Slowly but surely, I am falling in love with birds. A few years ago I wrote a poem in response to Mary Oliver’s goldfinch poem “Invitation, in which I asked, “Anyway, who cares about the birds?” I do, now. I’m hoping to learn more of their calls in the upcoming months.

Speaking of birds, I found this video on Brain Pickings:

jan 30/BIKERUN

bike: 25 minutes
run: 3.25 miles
basement

While I biked in the basement, I watched this great video lecture by a neuroscientist from Harvard, Margaret Livingston about vision and art. Very fascinating–and something I’ll have to watch a few more times before I get it all. Near the beginning she says,

So if you take anything at all away from this talk tonight, please try to remember: Vision is information processing; it is not image transmission. Your visual system does not just transmit an image of the world up to your brain, because there’s nobody up there to look at an image. There’s nothing up there except nerve cells and all they do is either fire or not fire. So seeing is whether some neurons are firing and some neurons are not and what information those cells are extracting by the firing patterns from the pattern of light that lands on your retina.

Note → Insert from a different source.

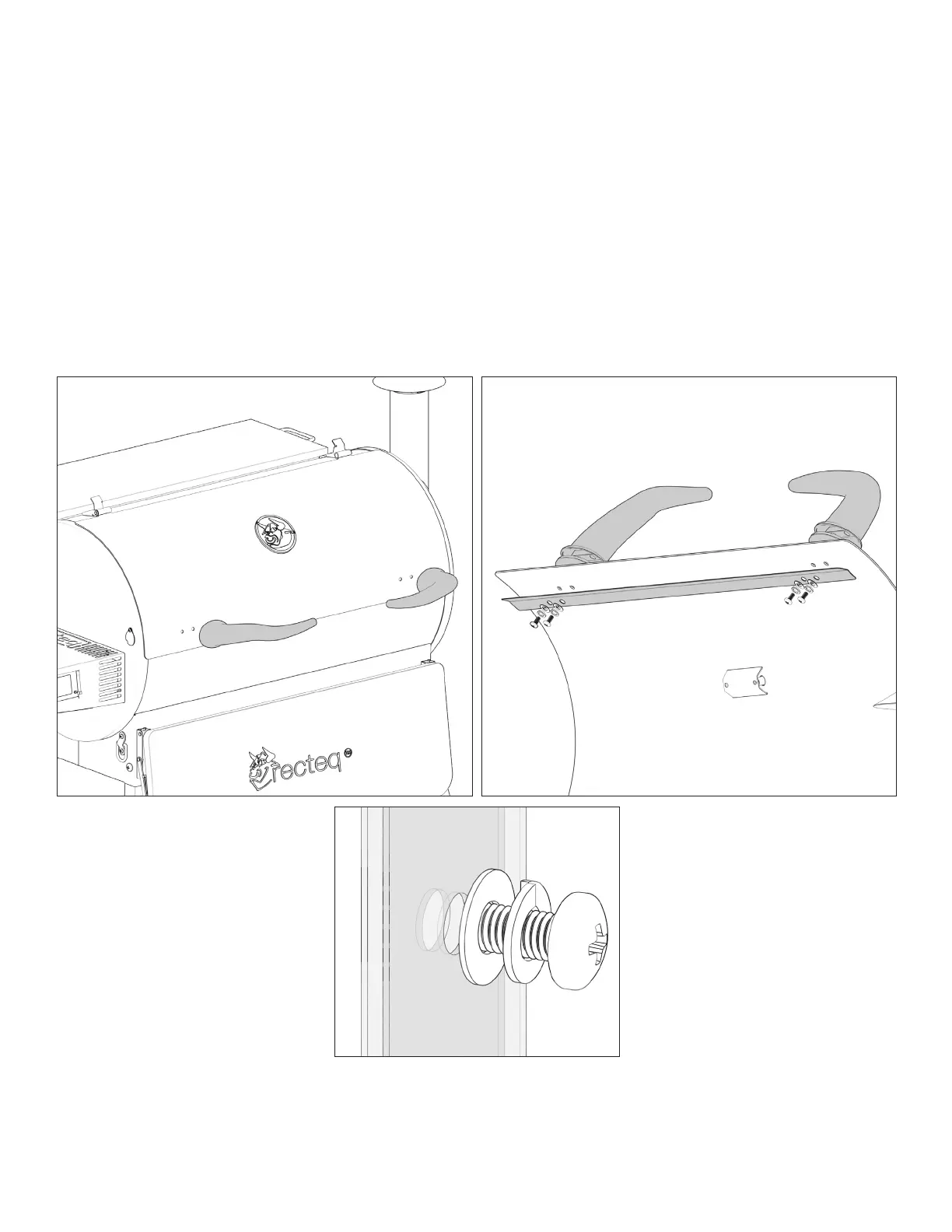 Attach bull horn handles (5) to grill lid using the small bolts that are screwed into the bull horn

Yes! Vision is not just using your eyes to see an image that gets transmitted to your brain. Vision is a complex series of processes involving light entering your eye through your cornea then landing on the retina, traveling through the optic nerve to the brain where it is processed not merely reproduced.

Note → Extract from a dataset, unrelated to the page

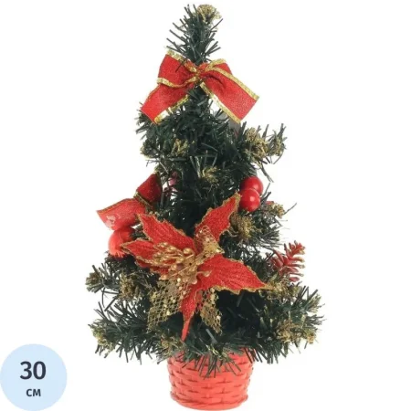 Елка новогодняя настольная конусного типа с украшениями из текстильных материалов красного цвета (бант, цветы, шары) не имеет ствола. Хвоя из ПВХ зеленого цвета с блестками накручена на металлическую спираль. Подставка — корзина из пластика. Высота 30 см. Упаковка — пакет.

During my run I continued listening to the audio book, The Guest List. Wow, the men in this book are terrible; I was actually getting angry and sad about what assholes they are. Despite this, finally, three-quarters of the way through I am invested in listening to the entire thing and finding out how it ends. Whenever I make it to this point in a book where I’m finally hooked even though I had thought about giving up on it several times, I feel a sense of accomplishment.

a moment of sound

On the deck again. Listening to a crow and my neighbors’ scare rods spinning in the wind, sounding like the scratching noise that Voldemort’s soul makes in one of his horacruxes in the last movie. For the first 20 seconds or so, Delia joined me. You can hear her collar clanging, then the door open as she goes back inside. Too cold or boring for her, I guess.

Jan 30, 2021

Note: Working earlier today on some notes about vision, I think I figured out my new project: peripheral vision. So much to think about literally and metaphorically! I was inspired by a line I came up with:

If central vision represents the trees, peripheral vision is the forest. I will never lose the forest, even as the trees fade further away.